Importantly, the results from the sweat monitor were also confirmed by saliva samples from the participants, suggesting it is a reliable measure of cortisol levels.

Chilling out — While the results of this study are fairly encouraging for how a device like this might be used in real-time to address harmful levels of stress, it is important to remember that this was too small of a sample to truly represent how such a device would perform for the average person.

In the future, the researchers tell Inverse that they plan to expand this research by testing the devices in larger clinical groups across a wide range of applications, including workers, the elderly, and even athletes.

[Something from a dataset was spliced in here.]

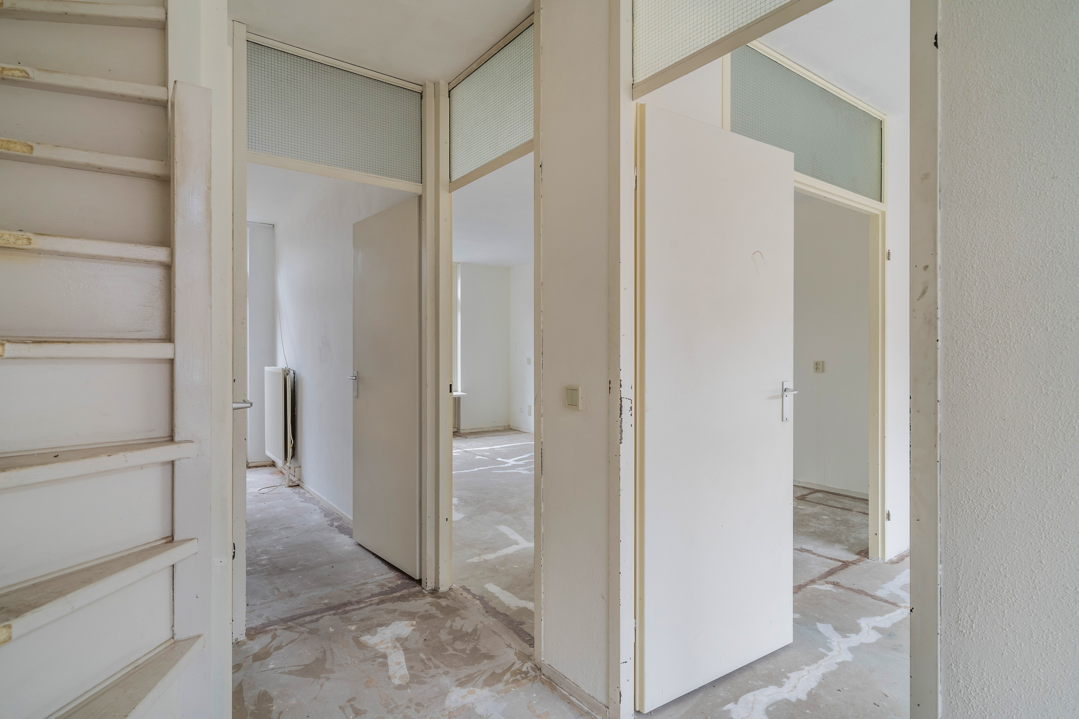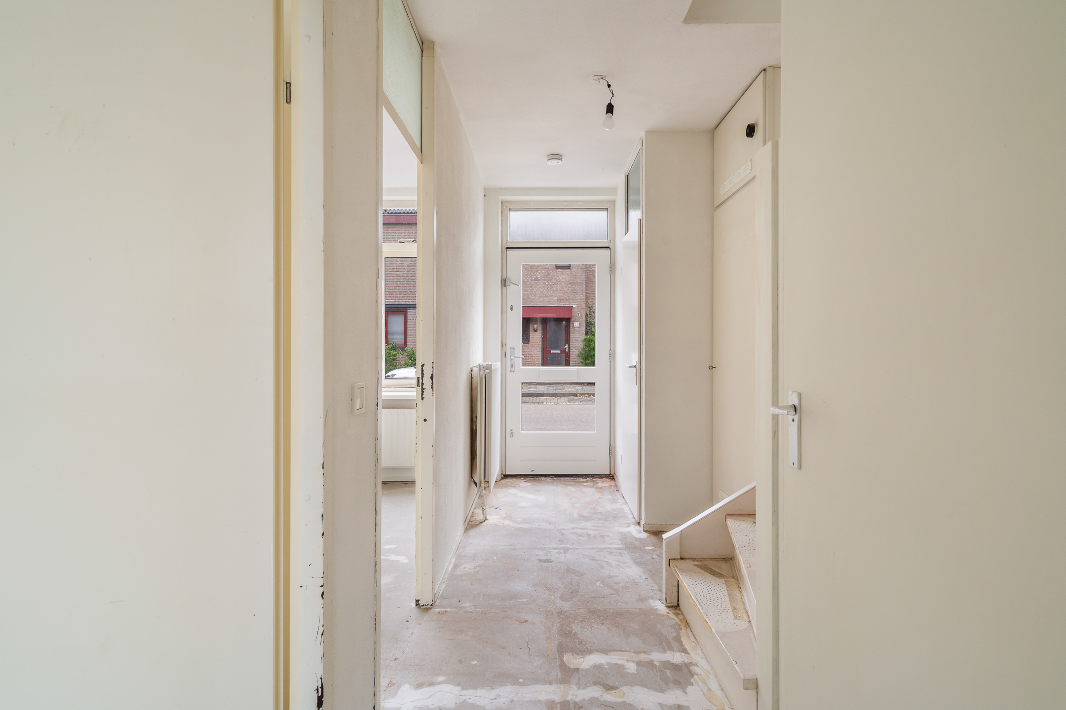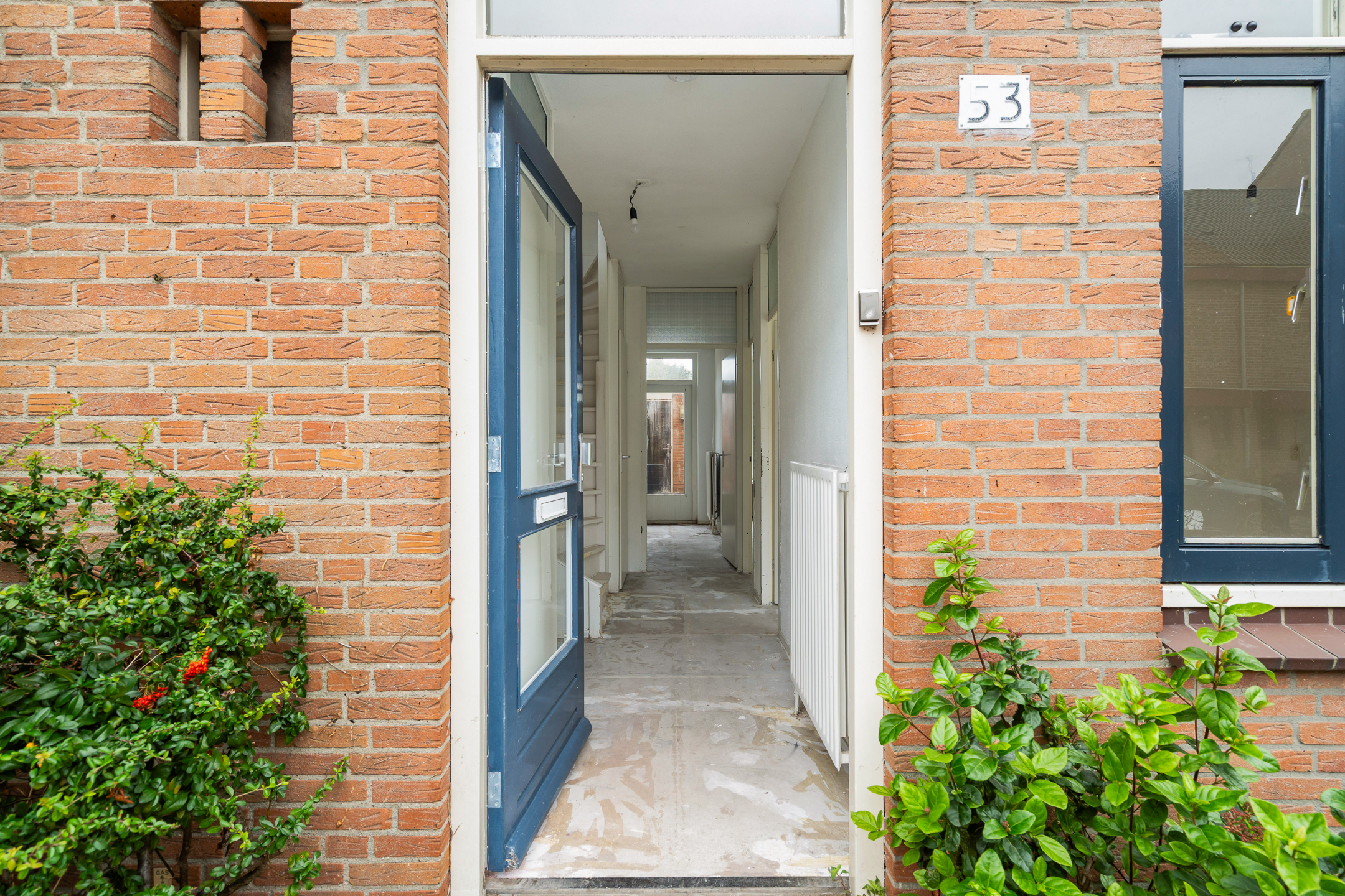 - Entree; Ruime hal met meterkast, toilet met fonteintje, trapkast en trap naar 1e verdieping;

Abstract: Soft microfluidic systems that capture, store, and perform biomarker analysis of microliter volumes of sweat, in situ, as it emerges from the surface of the skin, represent an emerging class of wearable technology with powerful capabilities that complement those of traditional biophysical sensing devices. Recent work establishes applications in the real-time characterization of sweat dynamics and sweat chemistry in the context of sports performance and healthcare diagnostics. This paper presents a collection of advances in biochemical sensors and microfluidic designs that support multimodal operation in the monitoring of physiological signatures directly correlated to physical and mental stresses. These wireless, battery-free, skin-interfaced devices combine lateral flow immunoassays for cortisol, fluorometric assays for glucose and ascorbic acid (vitamin C), and digital tracking of skin galvanic responses. Systematic benchtop evaluations and field studies on human subjects highlight the key features of this platform for the continuous, noninvasive monitoring of biochemical and biophysical correlates of the stress state.